La labor de cambiar la cultura en Petrobras ha recaído sobre João Elek, quien fue recién designado como jefe de cumplimiento de reglamentos de la firma.
“Si alguien tiene sospecha de que su jefe no es capaz, eso es suficiente para una investigación”, manifestó Elek.
Como una de las compañías petroleras más grandes del mundo, Petrobras gasta más de $20.000 millones al año en ampliar su capacidad, construyendo nuevas plantas y dando servicio a instalaciones.
Eso significa que se gastan enormes sumas de dinero en una variedad de trabajos, gran parte de ellos subcontratados a compañías que desde hacía tiempo competían unas con otras por los contratos.

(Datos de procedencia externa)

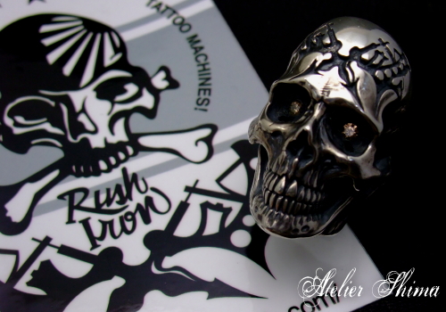 スカルリングの額には、SKIN EVOLUTION(スキンエボリューション)のロゴマークにも使用されているクロス(交差)するタトゥーマシーン。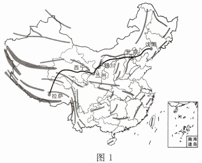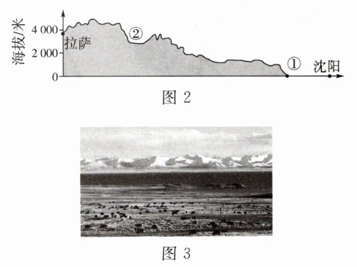 几位游客以体验和探索地理景观为目的,从沈阳出发,沿国道自驾前往拉萨旅游。图1为行程路线示意图,图2为沿途地形剖面示意图,图3为青藏高原景观图。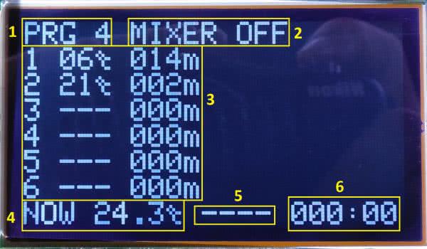 Po wybraniu jednego z programów – dla przykładu, niech będzie to program czwarty – zostaną załadowane zapamiętane nastawy. Na ekranie znajdzie się również kilka innych rzeczy, które zostały zaznaczone na fotografii 13. Są to, kolejno:
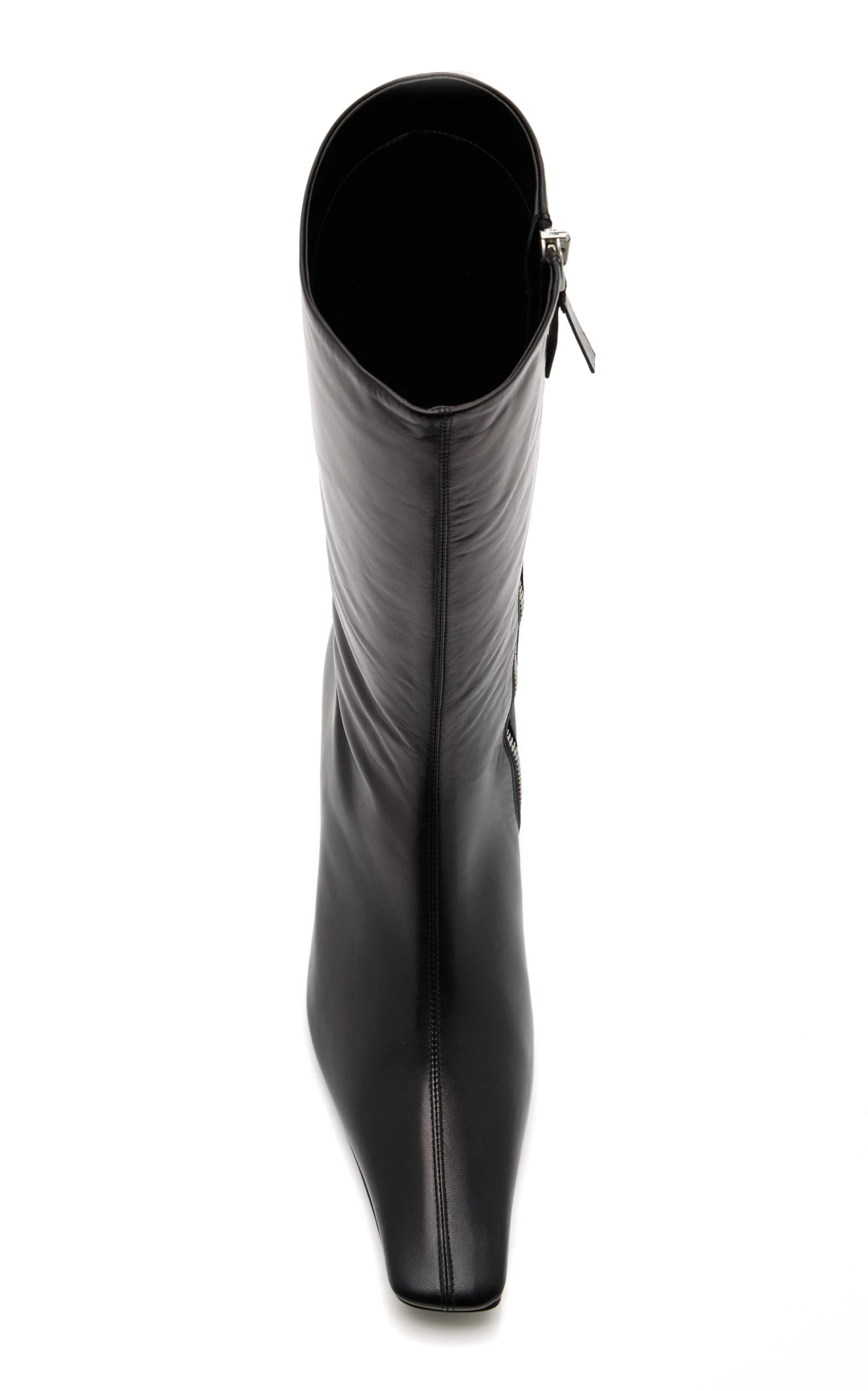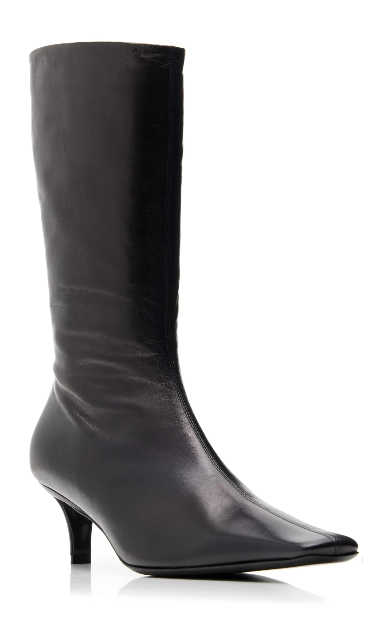 These ankle boots have a foot-hugging design made from smooth goatskin with elongated square toes that lengthen your frame. The midi heel makes them comfortable enough for all day wear.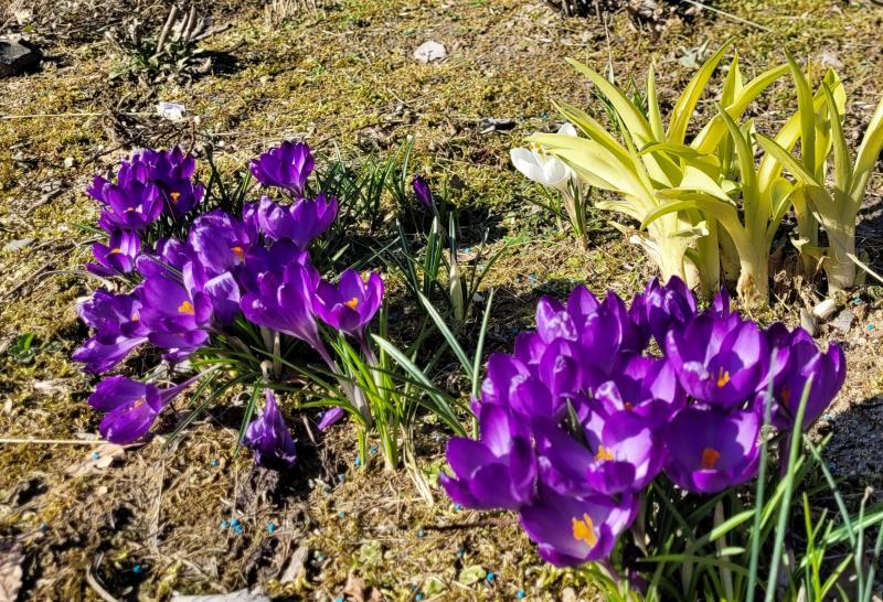 Hier bei ganztägig wunderbarem Wetter gaben die von der Wühlmaus übrig gelassenen Krokusse endlich nochmal alles und bekamen viel Besuch dafür.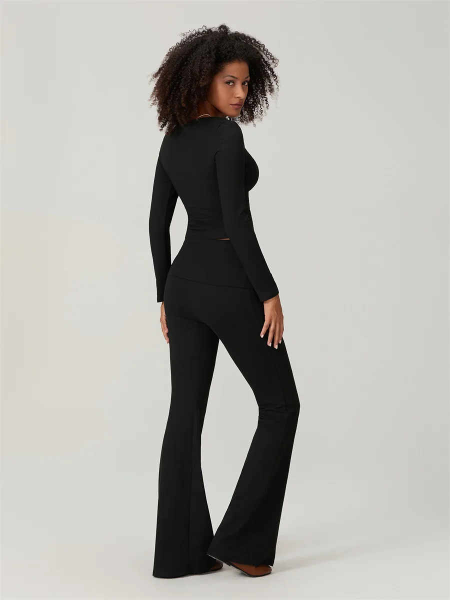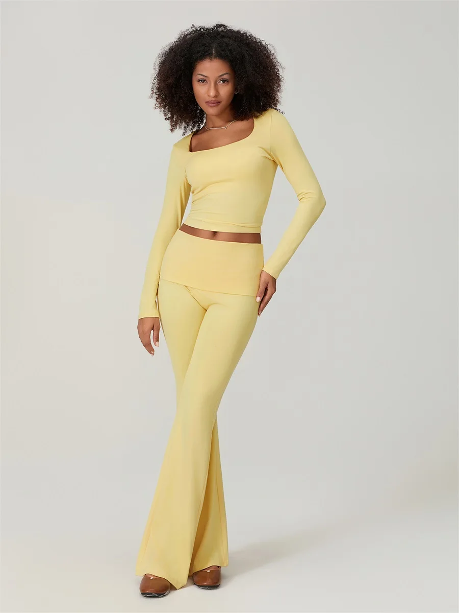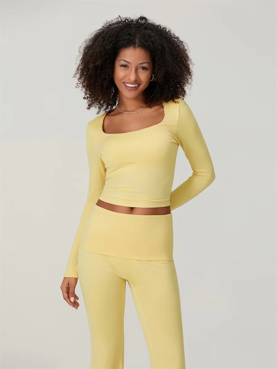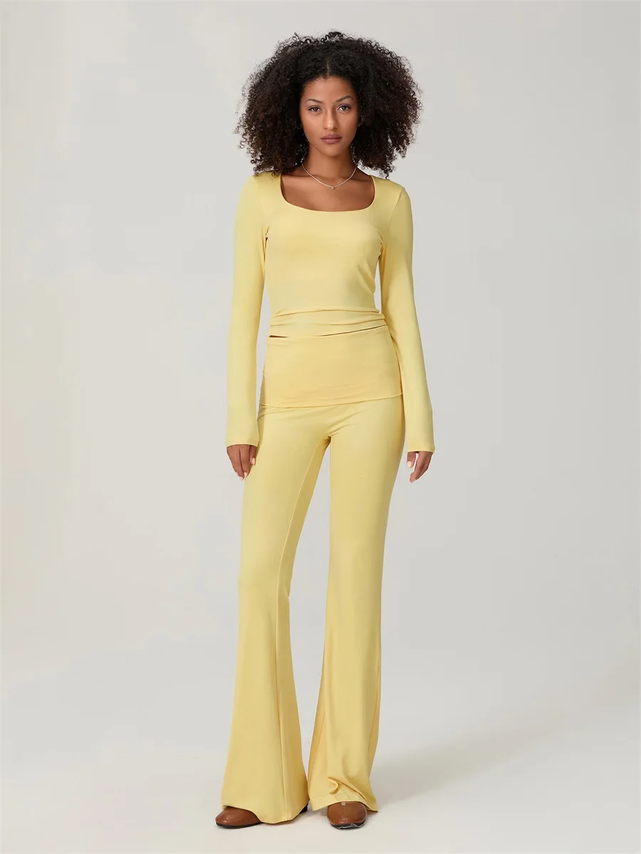 Elegant Women's Solid Color Two-Piece Set with Square Neck Long Sleeve Top and Fit Long Pants for Stylish Loungewear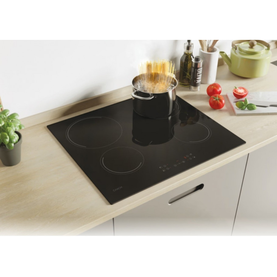 Elegantan i funkcionalan dodatak svakoj modernoj kuhinji, Candy CH64CCB ploča za kuhanje kombinira jednostavan dizajn s intuitivnim upravljanjem — idealna je za svakodnevno kuhanje bez kompromisa.

Sin embargo, hace una década, según los fiscales, estas compañías dejaron de competir y empezaron a colaborar.
Formaron un cartel y decidían, con anticipación, cuál de ellas conseguiría un contrato en particular. Se orquestaba una farsa de competencia, y el ganador designado podía cobrar mucho más de lo que cobraría en un mercado libre.
El cartel se hacía llamar “el club”, según testimonios y documentos presentados ante un tribunal.
Los miembros del club pronto se estaban quedando con todos los contratos importantes de Petrobras. Entre el 1% y el 5% del valor de un contrato dado se desviaba para aquellos en el extremo receptor del plan, un grupo que incluía a 50 políticos de seis partidos, según los fiscales.
“Esta crisis va al corazón del capitalismo estatal brasileño, las líneas borrosas entre las políticas económicas de Estado y los benefactores del Estado”, dijo Matthew M. Taylor de la Escuela de Servicio Internacional de la Universidad Americana.
“Lo que se está demostrando es el costo de la relación entrelazada entre la empresa y el Estado, y los tipos de corrupción a que puede conducir”.